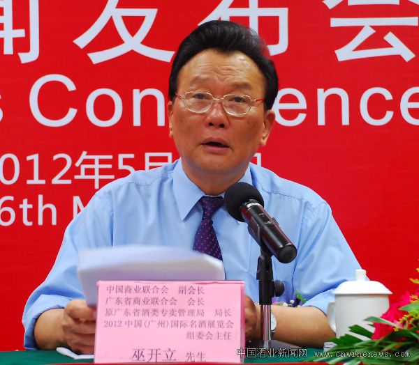 中國商業聯合會副會長、廣東省商業聯合會會長、原廣東省酒類專賣管理局局長、名酒展組委會主任巫開立在新聞發布會致辭中說:“我們舉辦廣州國際名酒展的基本宗旨是,打造中外酒飲業交流與合作的平臺,促進全國酒飲業的國際合作,滿足全國特別是廣東消費者對國際名酒和酒文化的多樣化需求,推進放心酒工程的實施。與此同時,根據中國市場的需求,依托名酒展的豐富資源,與各國政府和行業協會聯合舉辦各種類型的進口商品專業展,促進全國進出口業務的協調發展。我們高興地看到,在國家商務部、廣東省外經貿廳、經信委等部門、中國各地酒類流通行業協會,以及葡萄酒主產國相關政府部門、酒類行業協會和廣大酒商的大力支持下,經過8年多的發展,廣州國際名酒展已經得到了國內外同行的高度認可,目前我們已經和全球七十二個葡萄酒主產國的酒類主管部門及行業協會建立了友好合作關系,與全球超過五十萬家酒商建立了業務聯系,形成了覆蓋中國32個省市擁有超過十三萬家酒類專業經銷商的中國最大的酒品銷售網絡……”
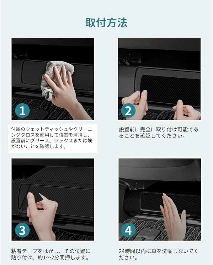【楽な装着作業】:強い両面テープの粘着力で合わせて貼るだけ、すんなりきれいに貼ることができます。※※ヒント:新車はカーワックスがあるため、両面テープでうまく貼り付けにくいです。設置前、対応の位置に付属のウェットティッシュやクリーニングクロスを使ってワックスを拭き取れてください。※※
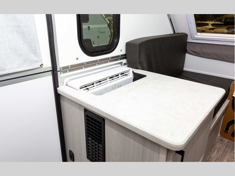 Aliner Ranger A-frame camper 10 Rear Dinette highlights: Rear Dinette Storage ... more about Ranger 10 Rear Dinette
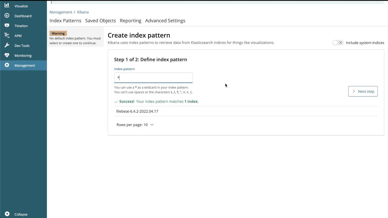 - Click "Start" or "Create" to finalize the index pattern.
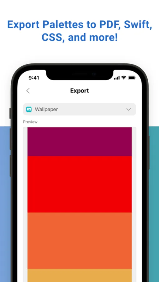 • Export colors to different languages and files: PDF, iPhone wallpaper, ASE, CSS, Sass, Swift, CLR, HTML, JSON, and more!
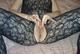 Дамочка в сетчатом костюме позирует, а затем отдается фотографу.
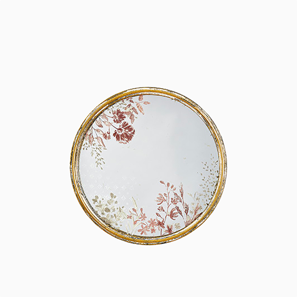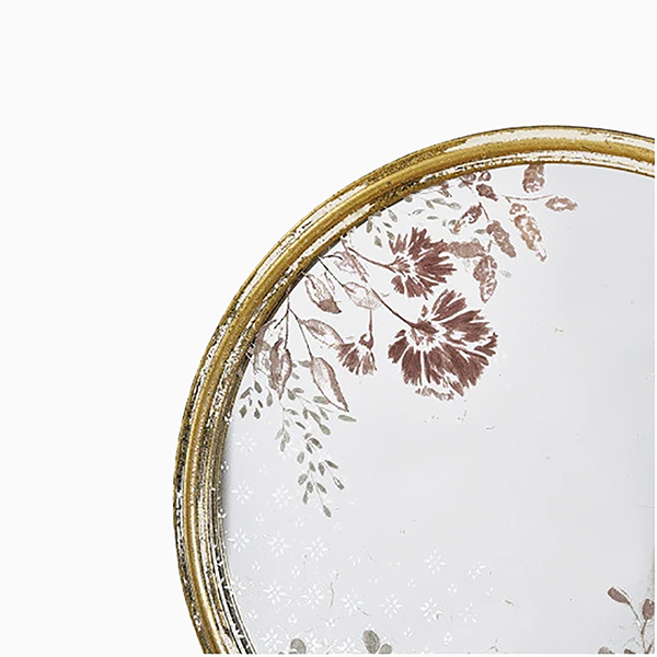 アンティークゴールドのフレームは、年月が経つにつれて味わいを増し、温かみのある雰囲気を醸し出します。ミラーの中央に描かれた繊細な花柄は、光の当たり方によって表情を変え、見る角度によって様々な魅力を発見できます。
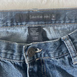 Calvin Klein Jeans, medium/dark wash with no fading. Can be worn high or low waisted depending on your preference.
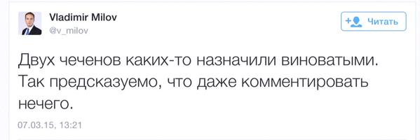 Это первый комментарий чеченского лидера после того, как появилась информация о задержании подозреваемых в убийстве Немцова. Один из них, Заур Дадаев, служил в батальоне «Север» МВД Чечни.
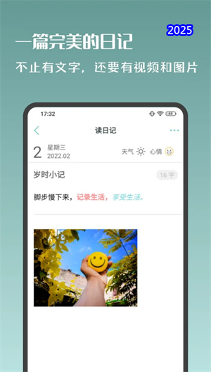歲時小記不僅是一款記錄工具,更是陪伴用戶成長的情感伙伴。從【日記分類】到【樹洞分享】,從【倒數日】到【時光信件】,每一個功能都經過精心設計,旨在幫助用戶珍藏生活點滴,發現平凡中的美好。無論是記錄重要時刻,還是梳理日常心情,歲時小記都能提供最貼心的支持。立即下載體驗,開始書寫屬于你的歲時故事,讓每一段時光都被溫柔以待。
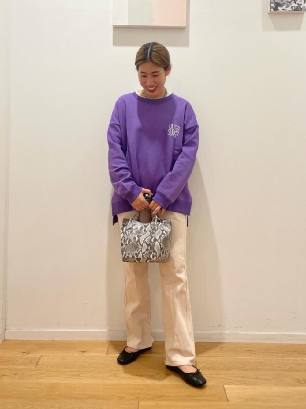 身長:160cm 普段サイズ:ボトムス38/シューズ24cm 【サイズ感】 スウェット:ゆったりめ ボトムス:やや細み シューズ:やや小さめ 【コーディネートポイント】 全体的にカジュアルなコーディネートですが、 フレアシルエットが特徴のレディデニムを合わせて女性らしさを感じさせるコーディネートにしました。
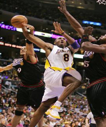 against the Philadelphia 76ers, Sunday, March 27, 2005, in Los Angeles.
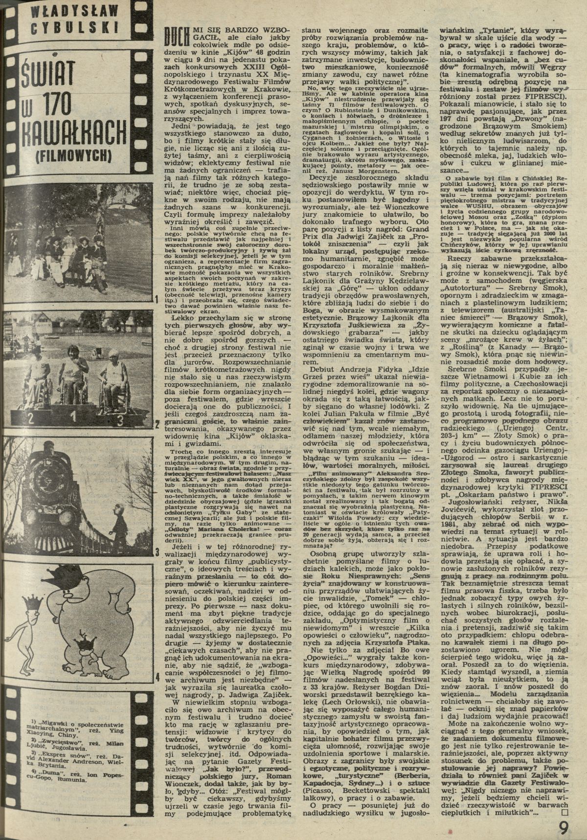 Archiwum / Felieton nr 1984 (25/1983) 69/285 Podziel się Tytuł Świat w 170 kawałkach Autor Władysław Cybulski Kategoria Felieton Artykuł z numeru 1984 (25/1983) Data wydania 19 czerwca 1983 Tagi Wladysław Cybulski XX Międzynarodowy Festiwal Filmów Międzynarodowych
++++++++++
▶ **What you should do**
A faithful copy of the records above is needed, with the pictures left out.

▶ **Your solution**
 中國商業聯合會副會長、廣東省商業聯合會會長、原廣東省酒類專賣管理局局長、名酒展組委會主任巫開立在新聞發布會致辭中說:“我們舉辦廣州國際名酒展的基本宗旨是,打造中外酒飲業交流與合作的平臺,促進全國酒飲業的國際合作,滿足全國特別是廣東消費者對國際名酒和酒文化的多樣化需求,推進放心酒工程的實施。與此同時,根據中國市場的需求,依托名酒展的豐富資源,與各國政府和行業協會聯合舉辦各種類型的進口商品專業展,促進全國進出口業務的協調發展。我們高興地看到,在國家商務部、廣東省外經貿廳、經信委等部門、中國各地酒類流通行業協會,以及葡萄酒主產國相關政府部門、酒類行業協會和廣大酒商的大力支持下,經過8年多的發展,廣州國際名酒展已經得到了國內外同行的高度認可,目前我們已經和全球七十二個葡萄酒主產國的酒類主管部門及行業協會建立了友好合作關系,與全球超過五十萬家酒商建立了業務聯系,形成了覆蓋中國32個省市擁有超過十三萬家酒類專業經銷商的中國最大的酒品銷售網絡……”
【楽な装着作業】:強い両面テープの粘着力で合わせて貼るだけ、すんなりきれいに貼ることができます。※※ヒント:新車はカーワックスがあるため、両面テープでうまく貼り付けにくいです。設置前、対応の位置に付属のウェットティッシュやクリーニングクロスを使ってワックスを拭き取れてください。※※
 Aliner Ranger A-frame camper 10 Rear Dinette highlights: Rear Dinette Storage ... more about Ranger 10 Rear Dinette
 - Click "Start" or "Create" to finalize the index pattern.
 • Export colors to different languages and files: PDF, iPhone wallpaper, ASE, CSS, Sass, Swift, CLR, HTML, JSON, and more!
 Дамочка в сетчатом костюме позирует, а затем отдается фотографу.
 アンティークゴールドのフレームは、年月が経つにつれて味わいを増し、温かみのある雰囲気を醸し出します。ミラーの中央に描かれた繊細な花柄は、光の当たり方によって表情を変え、見る角度によって様々な魅力を発見できます。
 Calvin Klein Jeans, medium/dark wash with no fading. Can be worn high or low waisted depending on your preference.
 Это первый комментарий чеченского лидера после того, как появилась информация о задержании подозреваемых в убийстве Немцова. Один из них, Заур Дадаев, служил в батальоне «Север» МВД Чечни.
歲時小記不僅是一款記錄工具,更是陪伴用戶成長的情感伙伴。從【日記分類】到【樹洞分享】,從【倒數日】到【時光信件】,每一個功能都經過精心設計,旨在幫助用戶珍藏生活點滴,發現平凡中的美好。無論是記錄重要時刻,還是梳理日常心情,歲時小記都能提供最貼心的支持。立即下載體驗,開始書寫屬于你的歲時故事,讓每一段時光都被溫柔以待。
 身長:160cm 普段サイズ:ボトムス38/シューズ24cm 【サイズ感】 スウェット:ゆったりめ ボトムス:やや細み シューズ:やや小さめ 【コーディネートポイント】 全体的にカジュアルなコーディネートですが、 フレアシルエットが特徴のレディデニムを合わせて女性らしさを感じさせるコーディネートにしました。
 against the Philadelphia 76ers, Sunday, March 27, 2005, in Los Angeles.
 Archiwum / Felieton nr 1984 (25/1983) 69/285 Podziel się Tytuł Świat w 170 kawałkach Autor Władysław Cybulski Kategoria Felieton Artykuł z numeru 1984 (25/1983) Data wydania 19 czerwca 1983 Tagi Wladysław Cybulski XX Międzynarodowy Festiwal Filmów Międzynarodowych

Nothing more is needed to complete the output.